[What you are asked to do] Skip the pictures, please, and write out exactly the lines from the opening of the data through the line containing "- 商品名称:惠朗(huilang)投标袋A4标书袋纯木浆档案袋文件袋资料袋 20只进口GP纸0776".

[Data section]
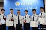 (중앙뉴스타임스 = 방재영 기자) 파주소방서는 8일 오전 서장 집무실에서 시민의 생명 보호와 소방행정 발전에 기여한 업무 유공 소방공무원에 대한 표창 수여식을 개최했다고 밝혔다. 이번 수여식은 각종 재난 현장과 응급의료 위기 상황 속에서도 투철한 사명감으로 맡은 바 직무를 성실히 수행한 직원들의 노고를 치하하고 사기를 진작하기 위해 마련됐다. 이날 행사에는 수여 대상자 11명 중 근무자 등을 제외한 5명이 참석했으며, ▲중증세이버 순금기장 ▲의정갈등 대응 유공(소방청장) ▲구급업무 유공(도지사) 분야에 대한 시상이 진행됐다. 특히 광탄119안전센터 박진호 소방장과 탄현119안전센터 김우진 소방장은 남다른 헌신을 인정받아 2개 분야에서 동시에 수상하는 영예를 안았다. 박진호 소방장은 ‘중증세이버 순금기장’과 의정갈등 상황 속 비상 진료 체계 유지에 기여한 공로로 소방청장 표창을, 김우진 소방장은 중증 응급환자의 생명을 소생시킨 공로로 ‘중증세이버 순금기장’과 함께 구급현장분야 유공 표창을 각각 수여 받았다. 또한 운정119안전센터 황보라 소방사가 중증세이버 순금기장을, 재난대응과 전영대 소방장과 금촌119안전센터 손대영 소방장이 의정갈등 대응 유공으로 소방청장
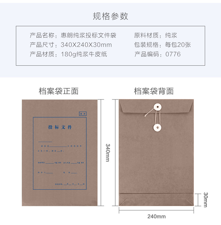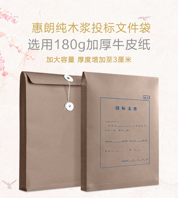 - 商品名称:惠朗(huilang)投标袋A4标书袋纯木浆档案袋文件袋资料袋 20只进口GP纸0776
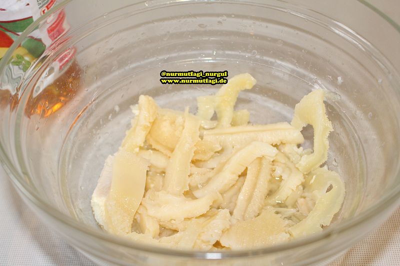 kasaptan aldigim karini bir tasi icine koydum, üzerine yarim cay bardagi kadar sirke döktüm, sirkeyle güzelce ovdum.. üzerine bir bardak soguk su döktüm karistirdim bu sekilde yarim saat beklettim.. sonra birkac sefer durulayarak yikadim.. düdüklü tencereye aldim yaklasik 1,5 litre sicak su koydum ve düdüklü tencerenin kapagini kapatip 25 dakika haslamaya biraktim.. ( haslarken sakin tuz ilave etmeyin gec pismesini saglar ) hasladiktan sonra süzgec ile karinlari cikarttim ve kücük kücük kareler halinde kestim..
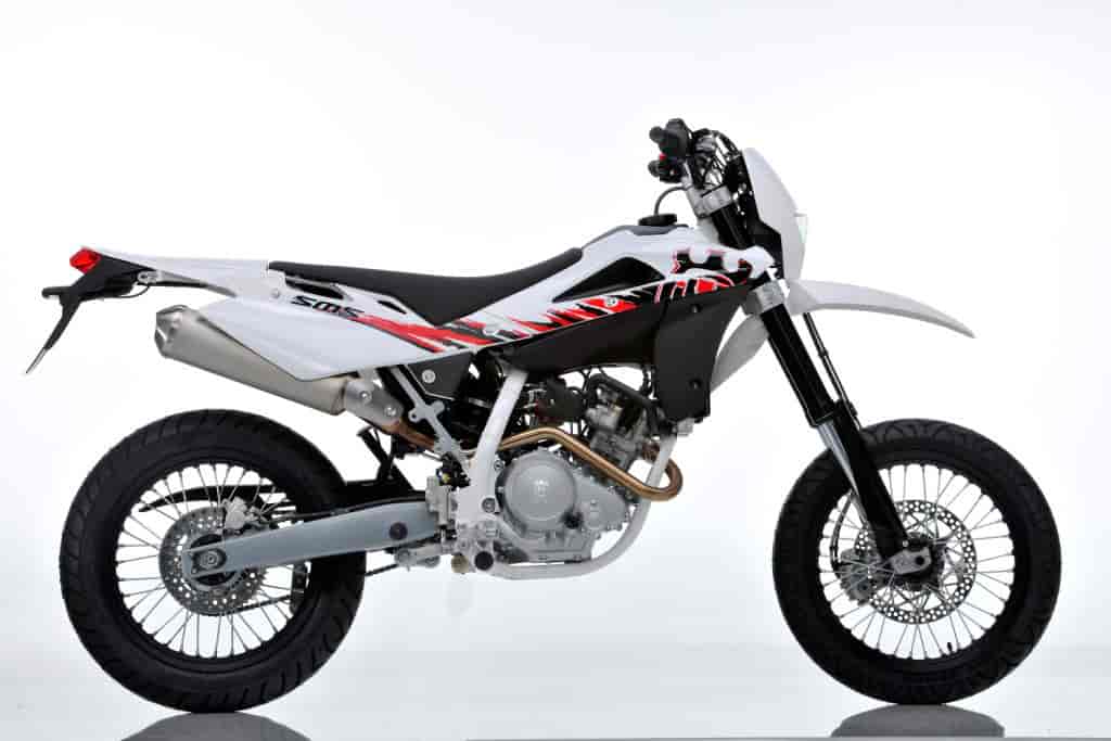 The saddle especially now has double depth padding to provide the rider and passenger with more comfortable seating for medium and long journeys. Passengers will be able to make use of two specially designed handles on the saddle frame that will let allow them to feel both safer and more comfortable. The headlight unit is also new and houses a stronger lamp. This unit is built into the fairing that goes perfectly with the “racing” mudguard. The frame and rear swing arm are now black to contrast with the two new colour schemes available – White and aluminium and black and white. The white and aluminium version is more elegant and sober featuring “in mould” plastic decorations. The black and white version is sportier and more aggressive with fully painted bodywork. The rear mudguard is also new with LED lights and a built-in number plate holder. The main news item on the new SM 630 is the engine that has been bored out from 98 to 100 mm to give a capacity of 600cc The head now has a red rocker box like the race machines and houses DOHC valve gear from the racing 450/510 that provides 20% more power than the previous 570cc version. The SM 610 i.e. now has an electronic injection system that was developed in collaboration with Mikuni. The engine now features a 45 mm throttle body with the starter command on the handlebars and there is a 300 Kpa Mitsubishi “twin jet” fuel injector fitted to the throttle. The pressure regulator (3 Bar) regulates any return of excess fuel to the tank and the MAQS (Modularised Air Quantity Sensor) consists of air temperature, mapping and TPS (Throttle Position Sensor) sensors. The Kokusan 360W three-phase ignition flywheel is also new. The water temperature sensor is positioned on the head. The injection ECU processes signals and governs the operation of the solenoid-operated valve fitted to the right hand side of the radiator. The cooling system has a new impeller and pump body. The clutch is hydraulically operated and the left cover plate has been redesigned. New components include the rugged 12 litre polyethylene petrol tank with a 40l/h pump; the non-return fuel circuit has quick-fit connections. The exhaust system on the four-stroke single cylinder engine has a “closed loop” lambda probe and the twin aluminium silencers feature catalysers that have been redesigned and optimised to meet Euro 3 requirements. The areas on the silencers that houses the catalysers and around the passenger footpegs have been covered with stainless steel protection. The chassis can be fitted with a main stand that is available as an optional extra. As regards the brakes – the front now has a radial race-derived Brembo caliper acting on a floating 320 mm disc while the rear has a 220 mm Brembo disc with a single piston caliper. The suspension remains unchanged except for the Marzocchi forks that now have the same black sleeves as on the 450 and 510 models. The 2010 version of the SM 630 will have Tommaselli tapered handlebars with new steering head clamps and no cross bar. Dry weight is 158 Kg.

[Expected answer]
 (중앙뉴스타임스 = 방재영 기자) 파주소방서는 8일 오전 서장 집무실에서 시민의 생명 보호와 소방행정 발전에 기여한 업무 유공 소방공무원에 대한 표창 수여식을 개최했다고 밝혔다. 이번 수여식은 각종 재난 현장과 응급의료 위기 상황 속에서도 투철한 사명감으로 맡은 바 직무를 성실히 수행한 직원들의 노고를 치하하고 사기를 진작하기 위해 마련됐다. 이날 행사에는 수여 대상자 11명 중 근무자 등을 제외한 5명이 참석했으며, ▲중증세이버 순금기장 ▲의정갈등 대응 유공(소방청장) ▲구급업무 유공(도지사) 분야에 대한 시상이 진행됐다. 특히 광탄119안전센터 박진호 소방장과 탄현119안전센터 김우진 소방장은 남다른 헌신을 인정받아 2개 분야에서 동시에 수상하는 영예를 안았다. 박진호 소방장은 ‘중증세이버 순금기장’과 의정갈등 상황 속 비상 진료 체계 유지에 기여한 공로로 소방청장 표창을, 김우진 소방장은 중증 응급환자의 생명을 소생시킨 공로로 ‘중증세이버 순금기장’과 함께 구급현장분야 유공 표창을 각각 수여 받았다. 또한 운정119안전센터 황보라 소방사가 중증세이버 순금기장을, 재난대응과 전영대 소방장과 금촌119안전센터 손대영 소방장이 의정갈등 대응 유공으로 소방청장
 - 商品名称:惠朗(huilang)投标袋A4标书袋纯木浆档案袋文件袋资料袋 20只进口GP纸0776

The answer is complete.